Three Berkeley alums are reportedly detained by Iran
| 3 August 2009
BERKELEY — Three hikers reportedly detained by the Iranian government last week are former University of California, Berkeley, students, two of whom have been working as journalists in the Middle East and Africa.
Shane Bauer, a 2007 honors graduate in peace and conflict studies, has been working in North Africa and the Middle East, using his fluency in Arabic, the language he minored in at UC Berkeley. He recently has produced stories on Iraq and Syria for San Francisco-based New American Media.
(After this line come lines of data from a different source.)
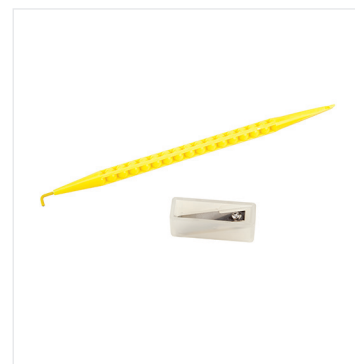
Clear Track Hallway Fiber Access Toolkit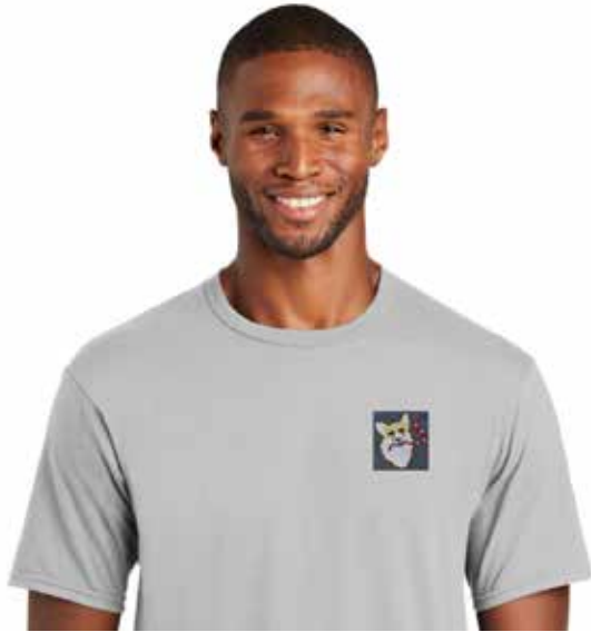
2019 Specialty Logo Unisex Tee $25.00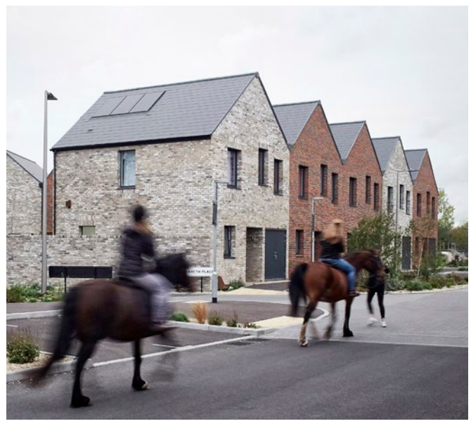
St Chads A linear park, arranged diagonally through the street layout, connects the new homes to surrounding farmland.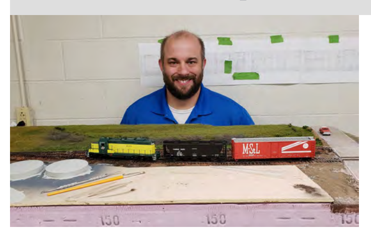
You could say I was born into trains...

Growing up I was exposed to trains every day. My parents' house was located right on the Chicago and Northwestern Marshline Subdivision. Trains would come by two to three times a week, and when the locomotives blew their horns for the grade crossing I'd race out the back door so I could get a glimpse of the slow lumbering locals as they rocked and rolled down the tracks. These first experiences with trains were the gateway for my involvement into model railroading.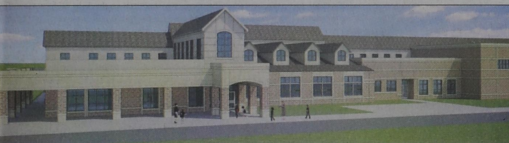
Shown above is the graphic rendition of Rockwall ISD's Elementary School 14. The district is currently making nominations from the public for the naming of the new elementary.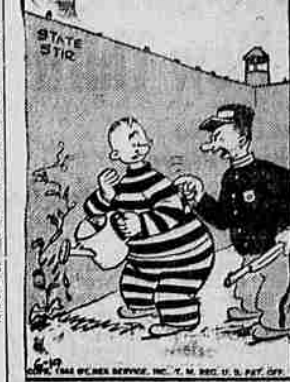
"The warden says stick to vegetables—climbing vines are out!"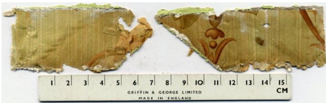
This was found behind the picture rail over a Victorian gothic window.

One of the most visible Victorian additions to the room were the cornice and picture rail, both made of wood. These had been fixed on top of earlier wallpaper.

Bauer, 27, came to UC Berkeley in August 2004, and during his undergraduate years took courses in the Graduate School of Journalism. He won the campus's Matthew M. Lyon Prize in Photography in 2007 for his haunting photos of devastation in the Darfur region of the Sudan in Africa.
Sarah Emily Shourd, 30, transferred from Diablo Valley College to UC Berkeley in the fall of 2000 and graduated in May 2003 with a B.A. in English. An aspiring journalist, she reported a story earlier this year for New American Media on the Golan Heights in Israel.
Joshua Felix Fattal, 27, attended UC Berkeley for three semesters, from fall 2003 through fall 2004, graduating in December 2004 with a B.S. in environmental economics and policy from the College of Natural Resources.
Bauer, Shourd and Fattal were hiking in the Kurdistan region of Iraq last week when they apparently crossed the border and were detained by Iranian authorities, according to news reports. Today (Monday, Aug. 3), U.S. Secretary of State Hillary Clinton asked the Iranian government to provide information about the safety of the three Americans.
A fourth American, Shon Meckfessel, was with the three but did not go on the July 31 hike, according to news reports. The 36-year-old Meckfessel took a summer course in Arabic at UC Berkeley in 2007 and is now a linguistics graduate student at the University of Washington.
Ken Light, curator of UC Berkeley's Photojournalism Center and an adjunct professor in the Graduate School in Journalism, recalled that, as a student on campus, Bauer had approached him with his photo portfolio and said he wanted to do photography in addition to majoring in peace and conflict studies. Bauer was admitted to one of Light's classes.
"He (Bauer) had a path, he had a passion, and I was impressed with what he was doing," Light said, noting that Bauer had spent time in Somalia before attending UC Berkeley.
Light said he found Bauer to be "a very bright, wonderful, intuitive photographer." Bauer's photos of the residents of a San Francisco Tenderloin District hotel were chosen by his classmates to be the lead story of the journalism school's May 2007 issue of "Realeyes" magazine. Bauer's Tenderloin photos and others can be found on his Web site.